A Practical Guide to Multi‑Modal RAG: Images Plus Text, End‑to‑End Tutorial

Overview

Multi‑modal Retrieval‑Augmented Generation (RAG) extends classic text‑only RAG by letting a model retrieve and reason over both images and text. In this tutorial you will build an end‑to‑end pipeline that:

Ingests images and documents
Extracts text with OCR and generates captions
Embeds images and text into a shared vector space
Retrieves relevant items for a user query (text or image)
Fuses results from multiple signals (image, caption, OCR)
Generates a grounded answer with a vision‑language model (VLM)
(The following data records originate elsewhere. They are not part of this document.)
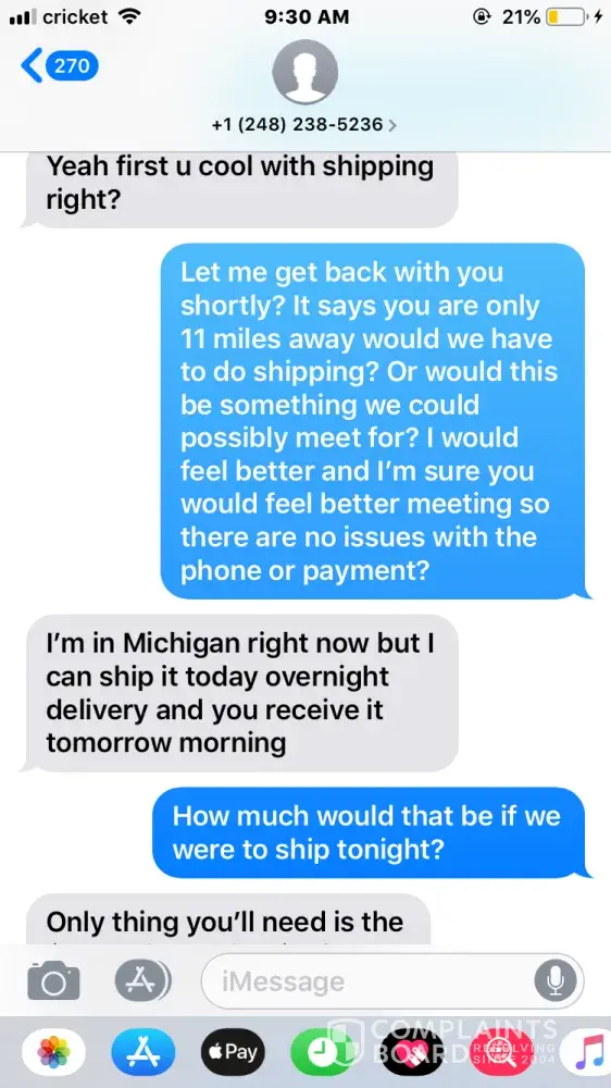 I made a report to y'all as well as to Dallas Police. I just need my money back and to return the piece of junk he sold as phone back to him. I don't want to report this site to others as terrible. I'm giving all a good chance to handle me well. I have been doing online, Craig and in-person transactions since late 90s, I've not felt this way before. Please can someone intervene. He refuses to answer my calls/texts. He would use your site again and again and leavin very unsatisfied customers/clients along his trail. HELP!
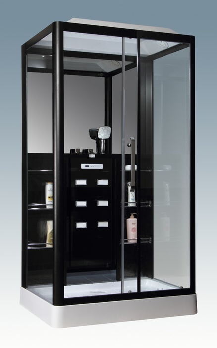 В КОРЗИНУДушевая кабина CS 127-3A R черная (правая) аналог CS-008. Алюминиевая рама, закаленное стекло 6 мм, управляется сенсорной панелью, радио, вентилятор, светильник, полка, смеситель 3 режимный смеситель, массаж ног, крыша с верхним душем, ручная лейка. Размер 90*120*215 см. Страна производитель-Китай.
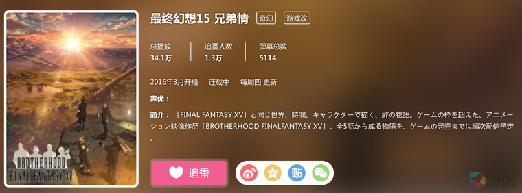东方明珠今年8月在B站上传了《最终幻想15:兄弟情》动画片。这部5集动画片在B站的播放量为34.1万,追番人数1.3万。这两个数据对于FF这个超级IP来说都不算高,不过由官方上传动画片这一行为,在家用主机游戏市场上基本属于首次。
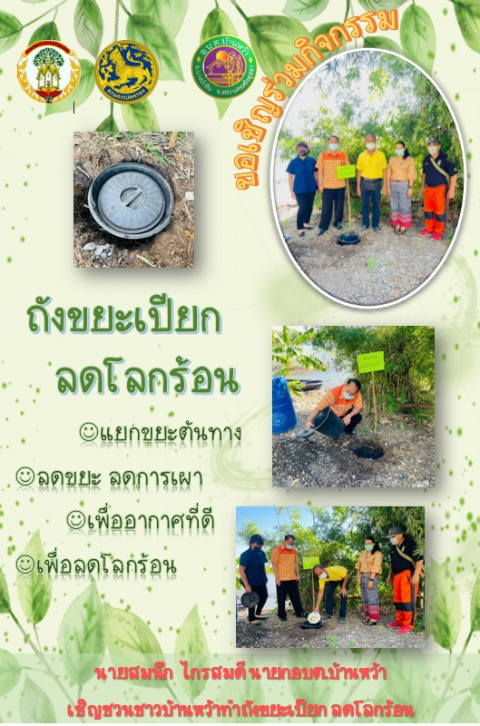 รายละเอียด : นายสมนึก ไกรสมดี นายกองค์การบริหารส่วนตำบลบ้านหว้า ขอเชิญชวนเฃชาวบ้านตำบลบ้านหว้า ร่วมจัดทำถังขยะเปียก เพื่อเป็นการลดโลกร้อน เพื่อลดปริมาณขยะ ในพื้นที่ตำบลบ้านหว้าของเรา

Use cases include searching design catalogs by sketch and description, answering questions about receipts or forms, explaining dashboards or charts, and visual help‑center assistants that understand UI screenshots.

Architecture at a glance

A practical multi‑modal RAG system has 6 layers:

Ingest

Accepted inputs: PNG/JPG images, PDFs, and text files
Store originals in blob storage; track metadata such as source, timestamp, page number, bounding boxes

Preprocess

OCR for text inside images and scanned PDFs (e.g., Tesseract, PaddleOCR)
Image captioning for scene‑level semantics (e.g., BLIP‑style models)
Optional tiling for large images; split PDFs by page

Embed

Text encoder for text chunks and captions
Image encoder for global image vectors (CLIP‑style, OpenCLIP)
Optional region‑level embeddings using detected boxes

Index

Vector database (FAISS locally or Qdrant/Milvus/Weaviate in production)
Separate indices per modality: image, caption, OCR text; keep a relational mapping back to the same asset

Retrieve and fuse

Given a query (text or image), run multiple retrievers
Normalize scores, apply Reciprocal Rank Fusion (RRF) or weighted sum
Optional reranking with a stronger cross‑modal scorer

Generate

Hand the top‑k retrieved context (images + text snippets) to a VLM
Constrain the model to cite evidence and avoid hallucinations

Data preparation

Good retrieval demands thoughtful chunking and metadata.

Images
- Keep a global image vector per asset
- For dense scenes or documents, tile into overlapping crops and index each crop (store crop coordinates)
- Save captions and OCR text alongside the image id
Text
- Chunk long text to 256‑512 tokens with overlap
- Track source, page, section, and confidence scores
Metadata
- width, height, dpi
- OCR language, avg confidence
- Captioning model used and version

Embedding strategies

Pick one or combine several strategies depending on your data and latency budget.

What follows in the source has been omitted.